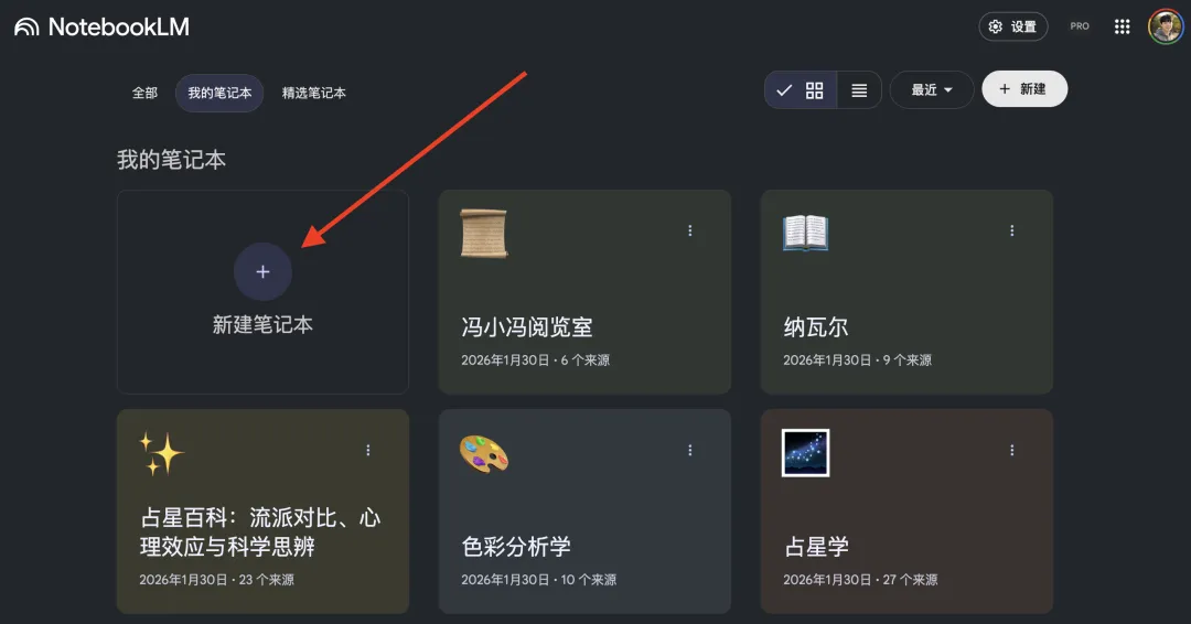1、打开NotebookLM网站 https://notebooklm.google.com 选择新建笔记本
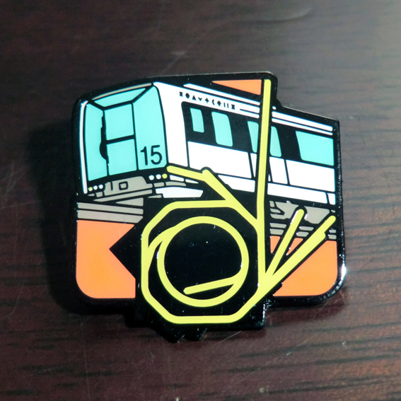 参加賞は,リニモとシンクロトロンがデザインされたピンバッチ.(19000)
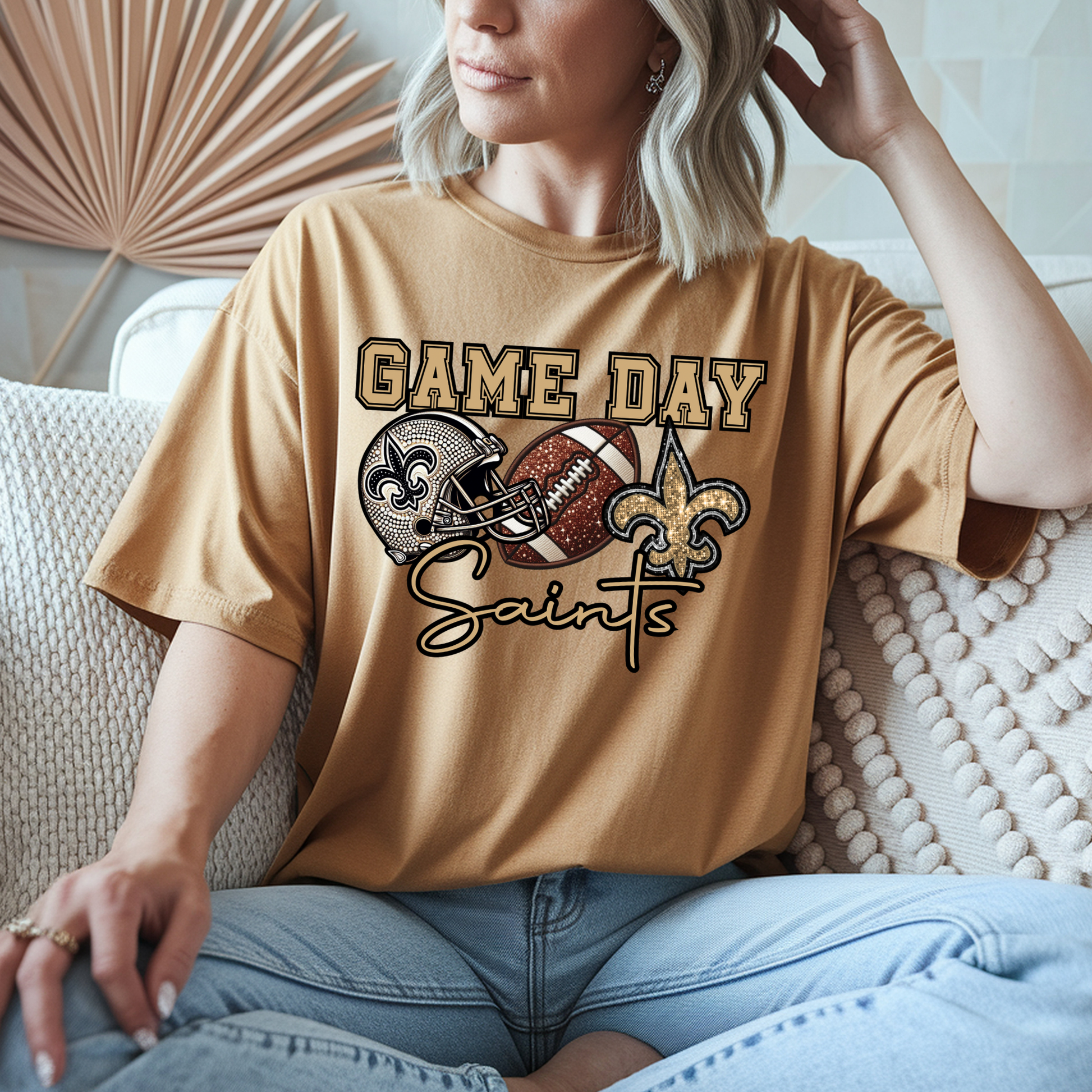Get ready to cheer in style with this playful Saints game day tee featuring a dazzling faux glitter and rhinestone print—all without the actual sparkle! This comfy unisex shirt uses vibrant DTF printing to bring the glam and spirit without any glitter mess. Perfect for game day fun and everyday wear!
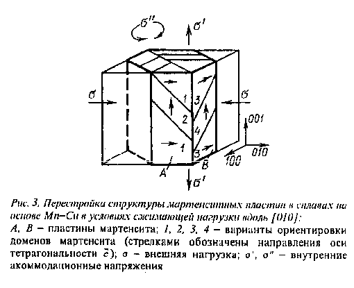 Согласно [б], при ГЦК -» ГЦТ-превращении в Mn-Cu-кристалле образуются пластины мартенсита, граничащие по плоскостям {110}. Каждая из пластин состоит из мартенситных доменов двух вариантов со взаимно перпендикулярными тетрагональными осями с . Домены имеют двойниковую ориентацию с плоскостями двойникования {110}, составляющими угол 60° с границами мартенситных пластин. Границы двойников легко подвижны и при приложении внешних напряжений перемещаются внутрь неблагоприятно ориентированного двойника. Это приводит к формированию мартенситной текстуры с преобладанием доменов с осью вдоль направления сжатия. Однако при неблагоприятной ориентировке мартенситной пластины, для которой направление деформации параллельно плоскости двойникования, перемещение существующих границ двойников невозможно (фактор Шмида равен 0).
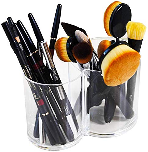 MAKINGTEC - حامل كرات واعواد القطن من ميكينج تيك، صندوق تخزين متعدد الاغراض للفرش ووسائد المكياج، مصنوع من اكريليك شفاف بتصميم دائري
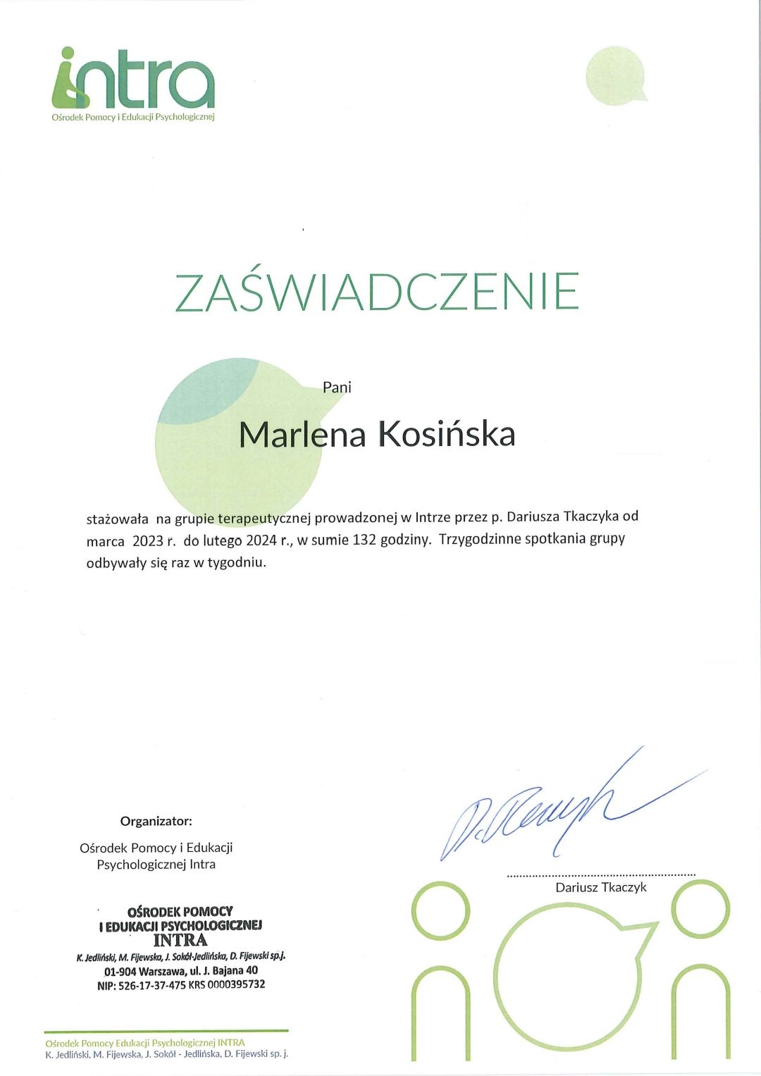 Swoją pracę poddaję regularnej superwizji, dbając o wysoki standard i bezpieczeństwo procesu terapeutycznego.
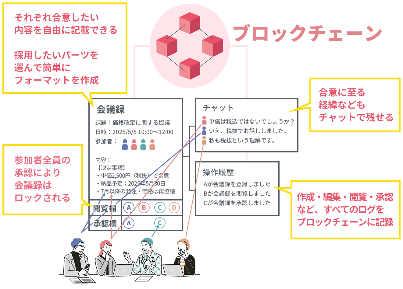 合意に至る経緯と結論を改ざん不能なブロックチェーンに記録しトラブル回避と判断スピードを促進!
· · ·
→ DESCRIPTION OF THE TASK:
Reproduce the lines above beginning at the line that contains "参加賞は,リニモとシンクロトロンがデザインされたピンバッチ.(19000)" and ending at the line that contains "Get ready to". No pictures.

→ ANSWER FOR THE TASK:
 参加賞は,リニモとシンクロトロンがデザインされたピンバッチ.(19000)
Get ready to cheer in style with this playful Saints game day tee featuring a dazzling faux glitter and rhinestone print—all without the actual sparkle! This comfy unisex shirt uses vibrant DTF printing to bring the glam and spirit without any glitter mess. Perfect for game day fun and everyday wear!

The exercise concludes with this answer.